Hydration of an apolar solute in a two-dimensional waterlike lattice fluid
C. Buzano, E. De Stefanis, and M. Pretti

TL;DR
This study extends a 2D lattice water model to include apolar solutes, revealing hydrophobic hydration signatures such as positive transfer free energy and temperature-dependent enthalpy and entropy.
Contribution
It introduces a novel extension of a waterlike lattice model to simulate hydrophobic solutes and analyzes their thermodynamic behavior.
Findings
Apolar molecules exhibit hydrophobic hydration signatures.
Transfer free energy is large and positive.
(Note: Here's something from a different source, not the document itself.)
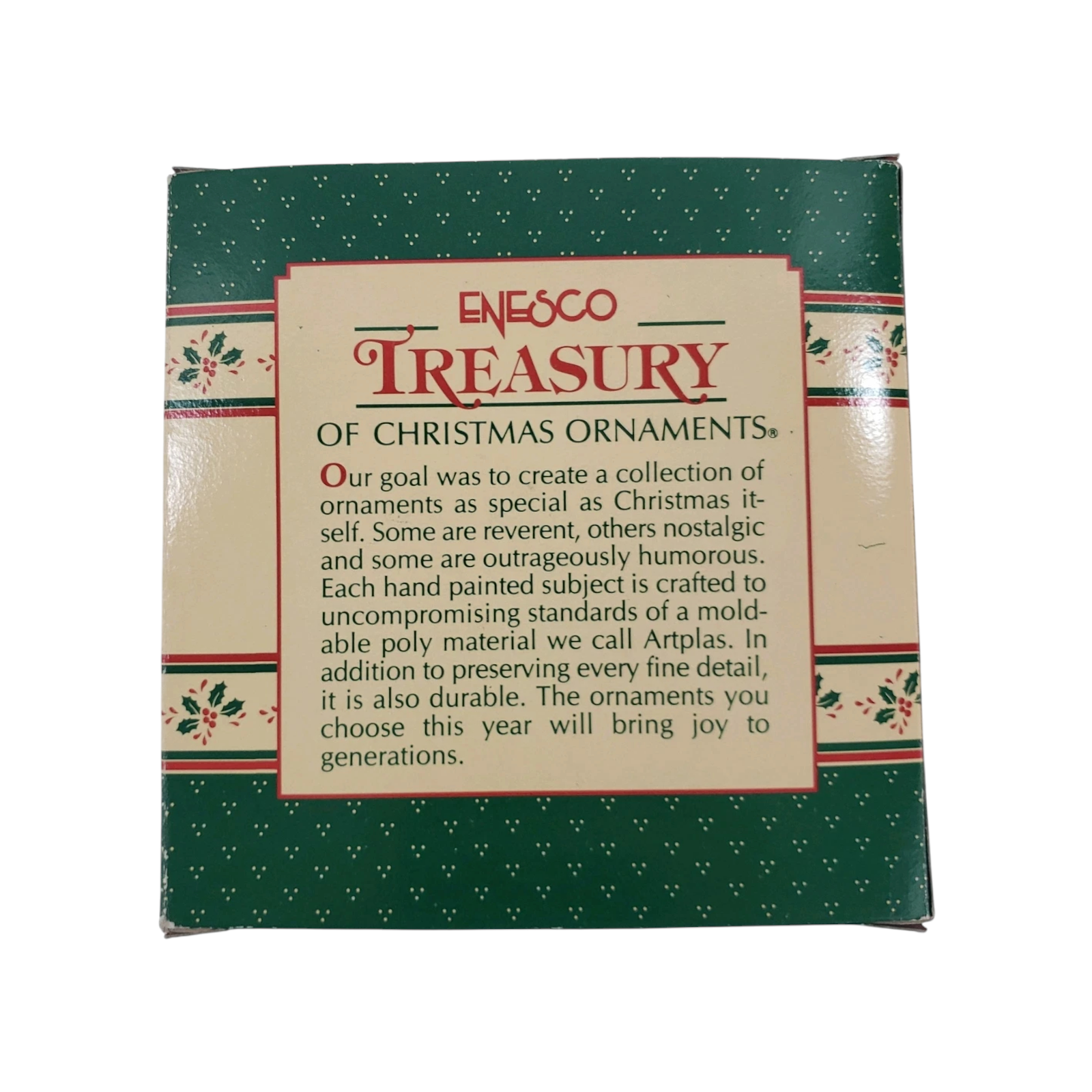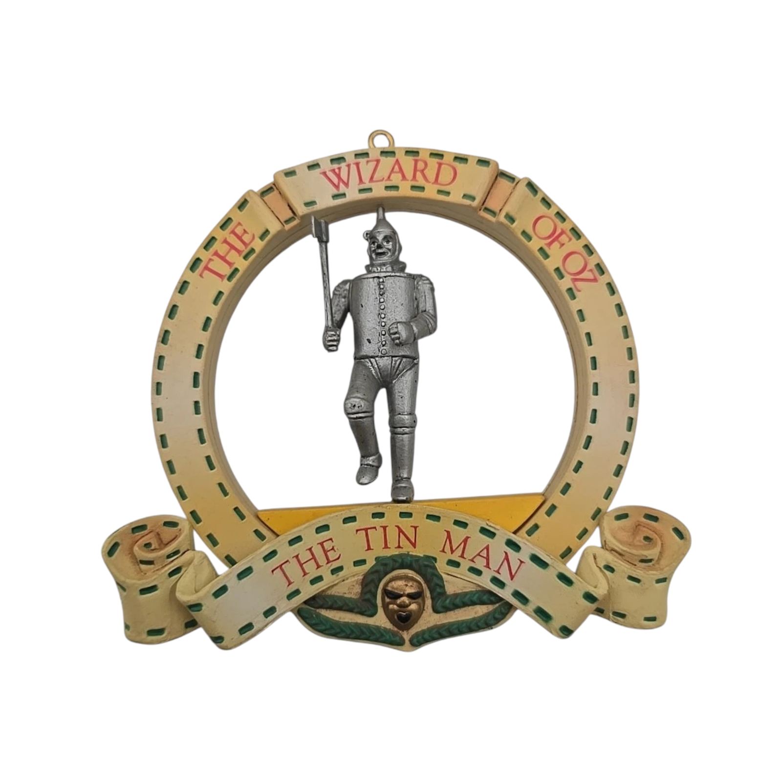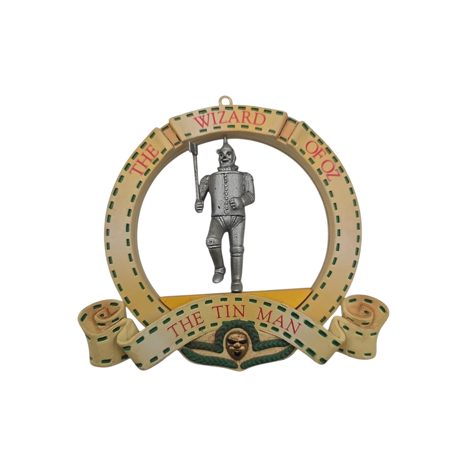 This collectible ornament brings the iconic character from The Wizard of Oz to life with detailed resin/plastic moulding and vibrant hand-painted finish. The Tin Man stands in his metallic attire, heart-shaped medallion included, capturing his classic look and nostalgic film charm. As part of Enesco’s 1989 50th Anniversary Wizard of Oz series, it holds particular appeal to both film-fans and ornament collectors. With its rich storytelling design and holiday presentation, it makes a standout addition to any tree or display.

Transfer entropy is negative at low temperatures.
Abstract
In a previous work, we investigated a two-dimensional lattice-fluid model, displaying some waterlike thermodynamic anomalies. The model, defined on a triangular lattice, is now extended to aqueous solutions with apolar species. Water molecules are of the "Mercedes Benz" type, i.e., they possess a D3 (equilateral triangle) symmetry, with three equivalent bonding arms. Bond formation depends both on orientation and local density. The insertion of inert molecules displays typical signatures of hydrophobic hydration: large positive transfer free energy, large negative transfer entropy (at low temperature), strong temperature dependence of the transfer enthalpy and entropy, i.e., large (positive) transfer heat capacity. Model properties are derived by a generalized first order approximation on a triangle cluster.